The raw 2020 Census file counted 2,914 people with the surname Ingles. That is different from the site's living-bearer estimate (3,342), which projects the surname's present-day count by applying the Census frequency rate to the current U.S. population.
It is the Census Bureau's normalized frequency measure. A rate of 0.97 per 100,000 means that if you picked a random group of 100,000 U.S. residents, you would expect about 1 of them to have the surname Ingles.
Between 2010 and 2020, the surname Ingles went from 3,031 recorded bearers to 2,914. That is a decrease of 117 (-3.9%). In the national ranking it rose from #10,577 to #10,505.
Among Census respondents with the surname Ingles, the largest self-reported group is White at 71.1%. The next largest groups are Hispanic (22.8%) and Asian/Pacific Islander (2.8%). These figures come from the 2020 Census Bureau surname tables, based on how respondents described their own race and ethnicity.

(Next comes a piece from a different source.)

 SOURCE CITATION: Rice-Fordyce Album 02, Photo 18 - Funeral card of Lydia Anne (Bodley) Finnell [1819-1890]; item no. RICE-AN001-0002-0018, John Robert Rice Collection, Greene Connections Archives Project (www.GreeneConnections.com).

White is the largest self-reported group for the surname Ingles in the 2020 Census, accounting for 71.1% (2,072 people in the source table).
Ingles appears across multiple self-reported groups in the Census data. The largest shares in the 2020 file are White (71.1%), Hispanic (22.8%), Asian/Pacific Islander (2.8%). For 2020, the source file also published raw headcounts for each group, which is why this page can show both percentages and counts in the ancestry section.

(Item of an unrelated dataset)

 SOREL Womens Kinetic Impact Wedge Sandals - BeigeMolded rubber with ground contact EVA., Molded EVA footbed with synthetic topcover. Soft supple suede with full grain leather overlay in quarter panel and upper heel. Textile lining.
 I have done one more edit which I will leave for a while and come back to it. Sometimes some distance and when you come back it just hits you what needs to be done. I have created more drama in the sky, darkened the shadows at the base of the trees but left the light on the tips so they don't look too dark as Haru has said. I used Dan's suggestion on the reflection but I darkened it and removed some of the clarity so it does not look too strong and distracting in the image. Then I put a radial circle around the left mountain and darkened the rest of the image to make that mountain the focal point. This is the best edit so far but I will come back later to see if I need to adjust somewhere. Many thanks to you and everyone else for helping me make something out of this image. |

Yes. This page is using the latest surname file currently loaded on Name Census, which is 2020. The historical section above also keeps any older Census surname entries we have for Ingles (2000, 2010, 2020).
No. The Census Bureau only publishes surnames that appeared at least 100 times in a given decennial Census. That means very rare surnames are excluded entirely, and a surname can appear in one Census release but disappear from a later one if it falls below the reporting threshold.
There are two main reasons: rounding and suppression. The Census Bureau rounds published values, and it may suppress very small cells to protect privacy. For 2020, the Bureau also published raw group counts rather than direct percentages, so Name Census converts those counts back into shares for comparability across census years.
English: an ethnic surname denoting an Englishman or someone of English descent. The fuller origin note on this page goes into more detail.
All surname statistics on Name Census are drawn from the US Census Bureau's decennial surname frequency tables. These files list every surname that appeared 100 or more times in the 2020 Census, along with a count, a per-100,000 rate, and a self-reported demographic breakdown. You can read the full explanation on our methodology page.
For surnames, Name Census does not age cohorts the way it does for first names. Instead, it takes the Census Bureau's published frequency for Ingles (0.97 per 100,000) and applies that rate to the current U.S. resident population to estimate how many living Americans have the surname today.
HowManyOfMe.org, our sister site, answers that with the living-bearer count in one glance.